What history tells us: Excuse me as I weep into my handkerchief, because it’s TRUE, IT’S ALL TRUE. Okay. Well. The basic facts are: George was the first in his family to never take a mistress, and barring some aberrations that were a result of his mental health, from the time of his marriage he exhibited no interest in any other woman besides Charlotte. Early on in his first collapse, he told one of the queen’s ladies that “The queen is my physician, and no man can have a better; she is my friend, and no man can have a better.” They both loved music, books, and theater, and while Charlotte loved botany, George loved astronomy. The only thing he is said to not love about her was her addiction to snuff. More than 20 years into their marriage, George was seen frequently kissing Charlotte on the cheek, and as noted before, even though they had separate apartments, they slept in the same bed for decades. This stopped at the start of the 19th century when George’s symptoms became more permanent and acute. Charlotte was named his guardian and remained so even during the Regency, up until her death in 1818. George died 14 months later.

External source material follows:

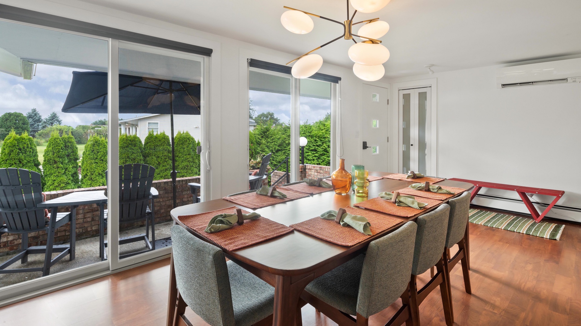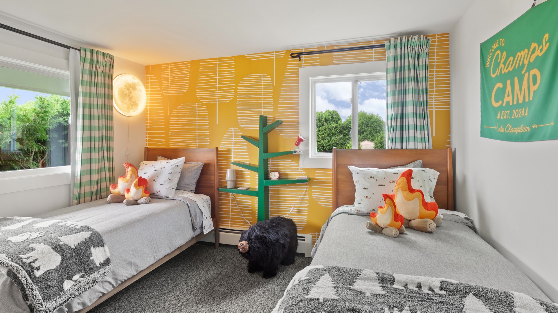 Champ’s Landing Home Vermont Lake Champlain Champ's Landing Champ's Landing Bright, Spacious Living Room with Large windows and views of Lake Champlain Enjoy a family meal together around the dining room table with extra seating at the breakfast bar Family memories with S'mores in the back yard Spacious finished basement with air hockey, darts, tv, and fireplace Picturesque Lake Champlain just steps away Open Gallery Bright, Spacious Living Room with Large windows and views of Lake Champlain Enjoy a family meal together around the dining room table with extra seating at the breakfast bar Family memories with S'mores in the back yard Spacious finished basement with air hockey, darts, tv, and fireplace Picturesque Lake Champlain just steps away Relax on the front porch, overlooking beautiful Lake Champlain Take in Lake Champlain with a walk on the beach, only a block from the house Conveniently located just one block from the bike path with easy access to the Causeway Breakfast bar pulls the kitchen and dining area together Main floor is open living room/dining room space, ideal to bring everyone together Views of Lake Champlain during Breakfaast Airy and open first floor dining area Open space with lots of room for all your family meals Large windows bring light into the dining room Additional seating at breakfast bar between kitchen and dining area Lots of room for a family meal together Enjoy the beauty of Lake Champlain from the living room Cozy living room with fireplace and large windows with views of the lake Local driftwood sculpture adorns the living room wall Spacious living Room with Views of Lake Champlain Plenty of seating in the living room for all your family Gather in front of the beautiful fireplace, after a long day of activities Enjoy views of the backyard from the kitchen Remodeled kitchen with stainless appliances Stainless appliances and gas stove Beautiful kitchen leads into den area with Comfy couch and TV TV in Den area, off kitchen Curl up in the cozy den to watch your favorite movie Vermont Decor in cozy Den Relax in the sunny den, lot of space for your family to spread out Dedicated office space off living/dining area Primary bedroom with King Bed, ensuite and TV Primary Bedroom Primary Suite, with King Bed and en suite Full Bath Bright and spacious primary bedroom with en suite bathroom New updates add to the home's charm Updated full bath, with shower/tub combination Bedroom 2 - A King bed for a restful night's sleep Bright and comfortable Bedroom 2 Each bedroom has its own TV Bedroom 3 - 2 Twin Beds plus one pull out, twin trundle Bedroom 3 -Bright and fun, perfect for kids Bedroom #3 Whimsical Twin room, complete with black bear stool Kids will love the outdoor themed bedroom Finished basement with space for watching a movie or playing games Bullseye! Challenge your friends at a game of darts Gather on the comfy sectional couch to watch your favorite movie Gas fireplace for ambiance, while playing board games Air Hockey for fun family competition! Fun Family Competition with Air Hickey and Darts in the basement Basement level also has a Queen-size futon for additional sleeping space Tired from all that air hockey? Take a nap on the Queen-sized Futon Enjoy some yoga or meditation in the walkout basement TV in the kids room Bathroom 2 - Updated fixtures and lighting with stand up shower The Front Deck is a peaceful place to take in views of the lake Hang out on the back patio, while grilling dinner Store all your essentials in this mudroom/pantry, just inside the door Desk, office chair and computer monitor for dedicated office space Updated Mid-Century Home Private laundry in the basement, new, full-sized machines Private home located in neighborhood close to the beach Spacious backyard with firepit for gatherings of family and friends Gallery View Colchester, VT 3 Bedrooms 1 full, 1 three-quarter Baths 8 Guests 1750 sq. ft. Pets OK Description Rooms Amenities Reviews Calendar Location MRT-11088876 Welcome to your ideal getaway! Updated mid-century home blends classic charm with modern amenities, a block from the water and bike path. It has 3 bedrooms, 2 bathrooms, and bonus rooms in the basement for fun. Relax by the fireplace in the living room, enjoy the smart TV in the den, or cook outdoors with the gas grill and fire pit. Basement offers a Queen futon, gas fireplace, air hockey, dartboard, and TV. Perfect for beach access, biking, and nearby skiing, within 40-75 minutes. Only ONE dog is allowed per unit. No biters, no barkers. Dog MUST be crated when left alone. Dog is not allowed on the furniture. Please pick up after the dog, no more than 1 DOG per unit. NO other animals. $125 dollar non-refundable pet fee will apply. Please notify the manager you are bringing a dog. Note: The home has a window AC unit that helps keep the whole house cool, but it's not central air and not in every bedroom. It makes hot days comfortable, though it won't get as cold as central AC. Rooms Primary 1 King Bedroom 2 1 King Bedroom 3 3 Twin Amenities Bedroom & Laundry Bed Linens Dryer - Private Essentials Extra Pillows & Blankets Hangers Iron & Ironing Board Towels Wardrobe or Closet Washer - Private Cleanliness & Safety Carbon Monoxide Detector Self Check-In & Check-Out Common Surfaces Disinfected Deadbolt Lock Fire Extinguisher First Aid Kit Outdoor Lighting Smoke Detector Bathroom Bathtub Body Soap Combo Bathtub & Shower Conditioner Hair Dryer Hot Water Shampoo Entertainment Game Room Games Smart TV Sound System TV Internet & Office Computer Monitor Desk Desk Chair Laptop Friendly Workspace Wifi Wifi - Free Wifi - Speed 250mbps Kitchen & Dining Baking Sheet BBQ Grill Utensils Blender Coffee Maker Cooking Basics Dining Area or Room Dining table Dishes & Silverware Dishwasher Freezer Hot Water Kettle Ice Maker Kitchen Kitchen Island Microwave Oven Refrigerator Spices Stove Toaster Wine Glasses Location & Attractions Bay Beach Access Car - Recommended Family Themed Lake Acce

What was the background music during the royal wedding?
Great question! It is “Quartet No IV in G Major,” by Joseph Bologne, Chevalier de Saint-Georges. Saint-Georges was a Creole man of color born in Guadeloupe who moved to France and became a champion fencer and officer of the king’s bodyguard for Louis XVI. This music was an excellent Easter egg, and I was delighted by it.
Did Mozart play for Queen Charlotte?
Eight-year-old Mozart gave his first performance in England at Buckingham House in 1764 when Charlotte was 20. She commissioned six sonatas from him.
Did Queen Charlotte bring the Christmas tree to England?
She did! Her granddaughter Queen Victoria’s husband Prince Albert is typically credited for popularizing the whole “bringing a tree inside the house” thing as a Christmas tradition in England, but Charlotte is the first English royal we know of who had one. Both Charlotte and Albert, of course, came from German duchies, and Christmas trees were seen in Germany starting around the 18th century.
When did we learn the distance from the Earth to the sun?
In one of George’s many looks through the telescope, he tells us that an astronomical event is occurring that will allow the English to calculate the distance from the Earth to the sun. This actually occurred in 1653 by Dutch astronomer Christiaan Huygens (who also invented the pendulum clock!). But he guessed for some of the answer, so history credits Giovanni Cassini in 1672, still well before George’s lifetime. Great job on the pendulum clock, though, Huygens.